When a coworker and I undertook the task of making the data relational, we hit some serious organizational resistance. It turns out that the decision to denormalize was on purpose (!). The justification was that it's easier to query ("Get me all the products that are red").

Am I missing something? It seems to me that if a denormalized view is useful, it should be generated from an AuthoritativeSource that's normalized.

I think I'm going to be in the midst of a data management nightmare in a few months.


Agreed. Denormalization should be a last resort if nothing else can be done to speed things up. It's a basic relational database design principle that data should be stored OnceAndOnlyOnce.

-- DavidPeterson


Or perhaps these are different products, that just happen to be similar in attributes other than colour. Where is the denormalisation then?

By normalising, you are saying that conceptually, these colours are kinds of the same product, or subclasses of a product. But perhaps these concepts are not the most useful.

(More likely you are dead right, but I thought it was worth saying.)

I've seen this done because they didn't want to add an index.

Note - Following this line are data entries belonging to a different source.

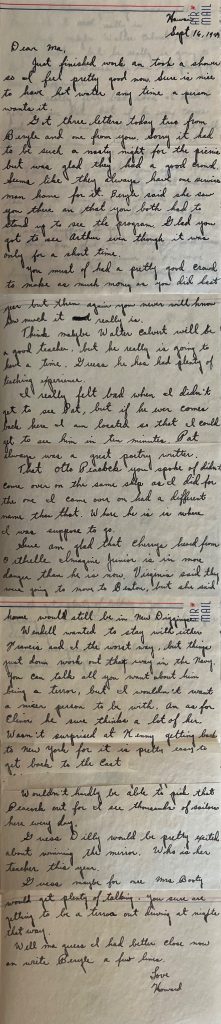 Wendell wanted to stay with either Francis and I the worst way, but things just don’t work out that way in the Navy. You can talk all you want about him being a terror, but I wouldn’t want him to be with. An as for Eleanor he sure thinks a lot of her. Waasn’t surprised at Kenny getting back to new York for it is pretty easy to get back to the East.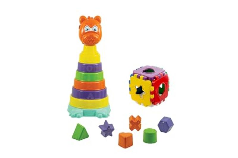 Conheca nosso ursinho com 06 aneis coloridos para empilhar e um cubo cheio de surpresas, com 6 formas geometricas diferentes! E a combinacao perfeita de aprendizado e brincadeira. Vamos tornar cada momento uma aventura divertida!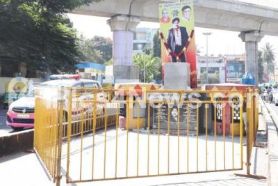 Photo Caption : Police barricade the spot where late Actor Dr. Vishnuvardan statue was removed at Tollgate, Vijayanagar, in Bengaluru on Monday 28th December 2020

Pretty funny until my last contract where they bought an E64K (a mega-buck Cray equivalent unix server) with gigabytes of memory rather than add an index. Indexes must be heap scary to some people.


In DataWarehouse building, denormalization seems to be an acceptable technique. For instance, you may have summary tables that contain information that you could get with a query, but not so quickly. The StarSchema and other techniques seem to flout NormalForm regularly. (Or am I wrong? We're implementing a DataWarehouse soon, so I've been reading up, but maybe those with more experience could correct me?) --PhilGroce


If your data isn't changing then DenormalizationIsOk, but if your data is changing then you should be very wary about denormalizing - it's so easy for duplicated data to become out of sync. Writing insert, update and delete triggers to update multiple tables is not straightforward and needs careful planning and testing.

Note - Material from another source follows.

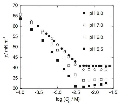 在圖1中,僅含SLAS且不含任何緩沖液的水溶液的界面張力(γ)與總SLAS摩爾濃度(CS)的對數(shù)作圖。如圖所示,盡管SLAS仔細重結(jié)晶,但γ值出現(xiàn)了異常的最小值。然后,樣品溶液的pH值在浸漬底部約為5.5,并隨CS增加至約8。由于此浸漬應(yīng)是由取決于SLAS濃度的pH變化引起的,因此所有實驗均在磷酸鹽和硼酸鹽緩沖液控制的恒定pH下進行。則圖1中觀察到的下降在每個值的受控pH下完全消失(見圖2)。cmc后,pH 5.5下的γ值略有增加,因為樣品溶液的pH因其緩沖容量的限制而緩慢增加。在1.0mM(膠束前濃度)和25mM(膠團后濃度)的恒定CS下,γ值相對于pH值繪制在圖3中,其中還繪制了十二烷基硫酸鈉(SDS)的結(jié)果作為對比示例。與SDS相比,非常有趣的是,當pH值低于約7時,SLAS的γ值顯著降低。接下來,圖4中繪制了cmc和C20(其γ值比純水的γ值降低20 mN/m時的表面活性劑濃度)與pH的關(guān)系圖。這兩個值在較低pH值區(qū)域也降低,盡管SDS的pH值不隨pH值而變化(數(shù)據(jù)未顯示)。此外,如該圖中cmc/C20比率的曲線圖所示,這些比率在pH值小于7.3的區(qū)域內(nèi)增加。該比率的增加通常意味著親水性頭基的尺寸增加和/或表面活性劑的反離子與頭基的結(jié)合更緊密[11]。

It may be an issue of short-term versus long-term. Normalization is the better long-term bet because it allows new requirements to be added with the minimal fuss. If you optimize the schema for a given current (short-term) usage, you may indeed speed up that one operation, but open yourself to risk down the road. I have seen a lot of companies with messed-up schemas and it costs them. Revamping it would be a huge investment because it would impact a lot of applications, so they live with bad schemas. FutureDiscounting perhaps was overdone. I think it may be better to find a compromize, such as periodic batch jobs that create read-only tables for special, high-performance needs. That way the live production tables can remain clean. --top


You can refactor things having a normalized database with new tables and build a view with the name of the old denormalized table.


It is generally accepted that a DatabaseIsRepresenterOfFacts. This has implications on how we interpret a normalized schema vs. a denormalized schema.

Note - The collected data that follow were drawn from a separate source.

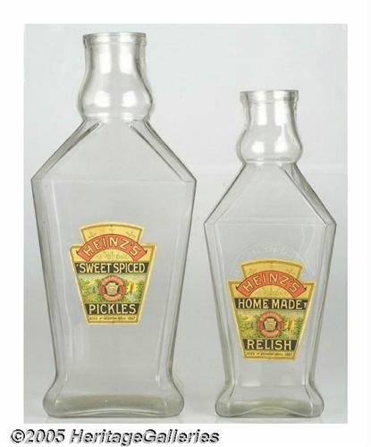 <B>Pair of Heinz Product Jars</B></I> The back of the smaller jar is embossed with the Heinz logo. Both jars have beautifully lithographed labels: one for relish and the other for pickles. The jars are 14" tall and 12 1/2" tall with no nicks or chips. Angled with this four-sided design and clear glass to show the purity of the product, these jars fit nicely into any country store display. Lot:252
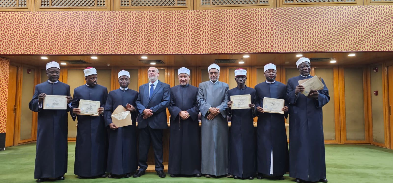 من جهتهم، عبّر المشاركون عن بالغ تقديرهم لفضيلة الإمام الأكبر على رعايته الكريمة لهذا البرنامج، مثمنين ما حصلوا عليه من علوم شرعية رصينة وتدريبات عملية أسهمت في تطوير قدراتهم الدعوية وتعزيز مهاراتهم التواصلية، مؤكدين التزامهم بنقل رسالة الأزهر القائمة على الوسطية والاعتدال والحوار البنّاء إلى أوطانهم، وأن يكونوا سفراء أمناء لقيم الأزهر ومبادئه.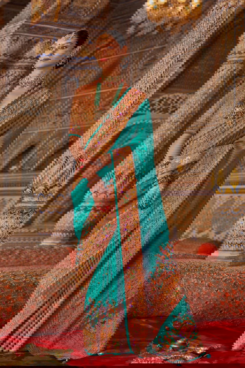 Aqua Blue Green Raw Silk Saree with Heritage Prints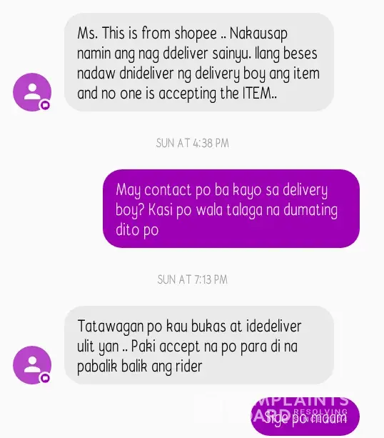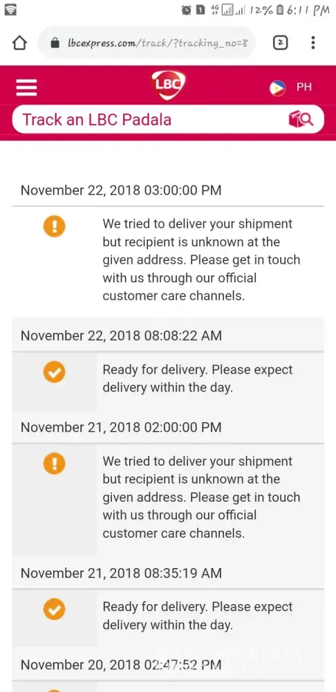 I ordered a product in Lazada which is expected to arrive on November 20, but on November 16, it updated my order in which it is ready for delivery within the day, so I expected it to be delivered but wasn't. So, I expect that it will be delivered again on November 20 so I waited. But on November 19. Monday, it updated again that it will be ready to be delivered within the day and yet again, I waited, but nothing had been delivered. I got a message in which it says, "We tried to deliver your shipment but recipient is unknown at the given address. Please get in touch with us through our official customer care channels.". It's kind of weird that I am unknown at the given address because I really provided my address clearly and concisely. I hope that you can fix this. Here is my tracking number: [protected]. You can contact me through [protected]. Thank you!

A fully normalized schema is when we cannot state a fact more than once. A denormalized schema on the contrary allows us to state a fact more than once, with the following consequences:

I agree with the thrust of what you are saying, but I didn't think that this was the usual definition of normalized. Normalisation (1NF, 2NF, 3NF, BCNF, 4NF, 5NF; also 6NF if you use DateAndDarwensTemporalDatabaseApproach?) avoids _particular_ kinds of redundancy and update anomaly, not all kinds -- it doesn't preclude "roll up" running totals in a separate table, for example, because it deals with relations individually. Also, a schema may be "unnormalised" but still prevent a fact from being stated more than once using additional constraints (and such a schema may be preferable to a normalised one, even as a logical schema, because normalisation beyond 3NF (IIRC) may make certain constraints harder to write). I think we need a different term for a schema (relations+constraints) in which it is impossible to be inconsistent. "Consistent" itself is rather overused, perhaps, so maybe "consistency-constrained"?

Therefore a denormalized schema is never justified. The main justification for a [de- surely?] normalized schema is very often justified by the fact that it helps performance, but this is hardly a good justification.

{If the boss/owner wants a faster system, you either give it to them or lose your job to somebody who can. Purists are not treated very well in the work world, for good or bad. Denormalization for performance takes advantage of the fact that any given cell generally has a read-to-write ratio of roughly 10:1 or more in practice. As long as this lopsided relationship exists, it appears that denormalization, or at least "join-and-copy", is an economical way to gain performance. It is roughly analogous to caching on a larger scale: if you read the same item over and over, it makes sense to keep a local copy instead of keep fetching from the "master copy" on each read.}

{{*First*, (even with current SQL DBMSs) there are better ways to achieve this than corrupting the logical data model: materialised views (indexed views, for SQL Server), for example. *Second*, this is the worst kind of premature optimisation -- not only are you spending the effort when it might not actually help (you've made the data bigger = slower than it should be in cases when you don't need the "joined" columns), in the process you are corrupting perhaps the most important public interface in the system, on which there will be many many dependencies (what happens when a new, more performance-critical app using the same data wants an incompatible "denormalisation"?). *Third*, in many cases, any performance benefits are lost in the additional validation needed on update to enforce consistency ("cache coherency", if you want to think of it as a cache) between the duplicates -- although queries may be 90% of the load, updates have a disproportionate effect (due to the "strength" difference between X and S locks, and because the "denormalisation" often means that the consistency checks are expensive as they need to read several rows).}}

Denormalization biases the schema towards one application. So the denormalized schema suits better the chosen application and makes the life harder for other ones. This might be justified, e.g. a DataWarehouse needs denormalized schema.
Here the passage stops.